Advertisement

Friends of the Earth : Smaller Crowds, Limited Goals Prevail at Celebration of Planet

Share
SPECIAL TO THE TIMES

It ain’t easy being green. Earth Day celebrants may profess to take showers in less than a minute, faithfully separate plastic milk jugs from their paper trash or brag that they canceled their junk mail 20 years ago.

But everyone has his limits, some Ventura County residents admitted at the Land by the Sea Fair at Channel Islands National Park on Saturday.

“Everything man touches he destroys,” said Giovanni Panciera, a 47-year-old artist who smoked a cigarette as he lamented the nation’s polluted waterways and overdeveloped lands. “I think new values should be set on all of humanity.”

Advertisement

What about on smoking? It’s a personal choice, Panciera said, adding that Saddam Hussein’s blazing oil fields in Kuwait pollute more air than one Marlboro man.

Greg Pinkerton, a construction worker who always recycles his family’s trash, admitted that he feels guilty about his four-hour daily commute.

“I feel I’m doing something against all this,” he said, gesturing toward a myriad of booths hailing environmentally safe products. “I walk through here and think a lot about it. But right now I’m just trying to survive . . . trying to make my house payments.”

“If I quit my job and was totally for the environment and didn’t drive my car anymore, who would feed us? Where would we sleep?” asked Pinkerton, 33.

A year ago, on the 20th anniversary of Earth Day, the Land by the Sea Fair attracted more than 15,000 people. This year, organizers in Ventura expected a crowd only a third that size. And without the help of the city this year, groups had a difficult time even funding the event, said Heidi Whitman, a member of the Ventura County Environmental and Energy Education Council, the event’s main sponsor.

“Last year it was a mass-media event and they had remotes from Africa and everything,” Whitman said. This year there has been less hype and “a lot of people who are not interested in the environment forget.”

Advertisement

Merchants tried to encourage fair-goers to take up new habits, such as switching from disposable to cloth diapers or riding the bus to work.

But using alternate energy sources or mass transportation can be difficult for an individual without support from industry and government, some said.

“You have to start with the government . . . and get a funding source,” said Hugh A. McTernan, who was displaying solar products that included a stove run on energy from the sun. “I’d have trouble affording some of the things that I sell.”

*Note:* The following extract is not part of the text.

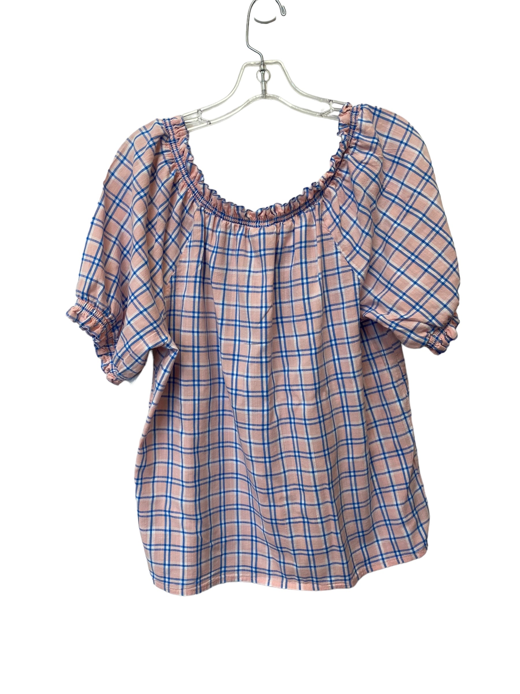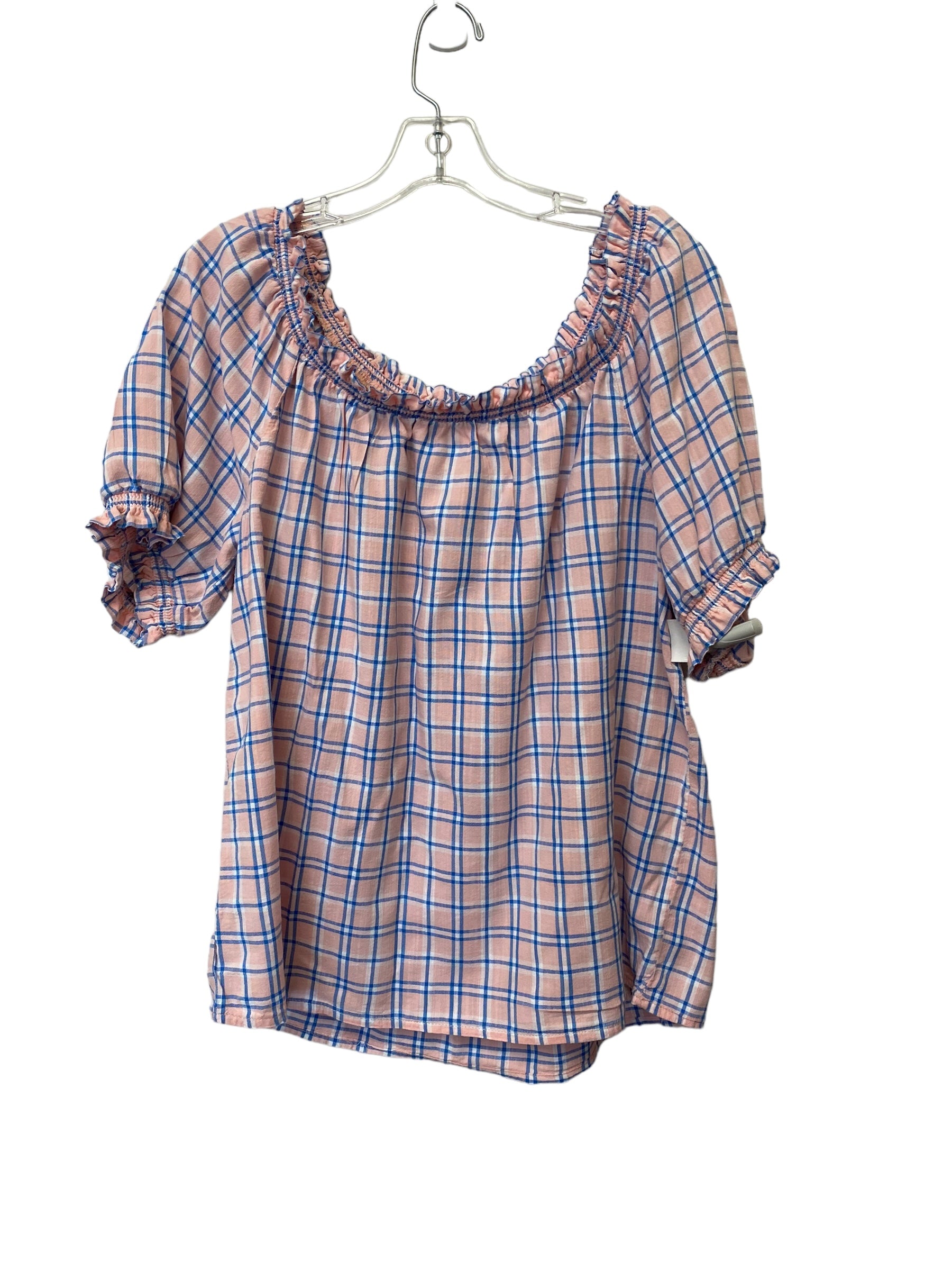 Plaid Pattern Top Short Sleeve St Johns Bay, Size M

Recycling seemed to be fair-goers’ most frequently acknowledged contribution to aiding the planet. It’s simpler now for people to do their part separating aluminum cans from discarded newspapers because the marketplace and area cities have begun to accommodate them, said Kitty Dill, who works with the Ventura County Sanitation District.

She said she was heartened by the turnout. They may have attended “to see the entertainment. It may be to have their children participate in the environmental crafts. But they’re here. . . . I like to think they’re the vanguard of those who aren’t. I like to think the glass is half full and not half empty.”

The 21st anniversary of Earth Day is Monday, but events are scheduled throughout the next few weeks. Today a celebration at Cal Lutheran University in Thousand Oaks will include an eco-marketplace, an art show, car emissions testing and entertainment. Also today, an observance with nature walks, a panel discussion on the environment, storytelling and California Indian music will be held at Satwiwa Native American Cultural Center in Newbury Park.

Advertisement

Elsewhere in the county Saturday, school and community groups planted trees and attended nature walks in honor of the Earth.

In Simi Valley, the Rancho Simi Recreation and Park District and a group called the Arroyo Simi Aquatic Protection Committee organized about 75 people to clean the rubbish from the flood control channel as a means of protecting the snowy egrets and other wildlife living there.

Three Brownie and Girl Scout troops joined Supervisor Vicky Howard, park district employees and other residents in pulling garbage--including plastic bags, a license plate, a piece of pipe and a shopping cart--from a three-mile stretch of the Arroyo Simi between Sycamore Drive and Madera Road.

“Hey, there’s a plant over here,” said Amanda Soltis, an 8-year-old Simi Valley girl, pointing to a green leaf sprouting from the ground.

“I haven’t seen any neat little plants down here,” she said. “I don’t think they live because the water looks polluted.”

In her home, Amanda said, cleaning up the Earth is easy.

“We put all the trash in the trash can and we don’t throw it on the ground,” she said.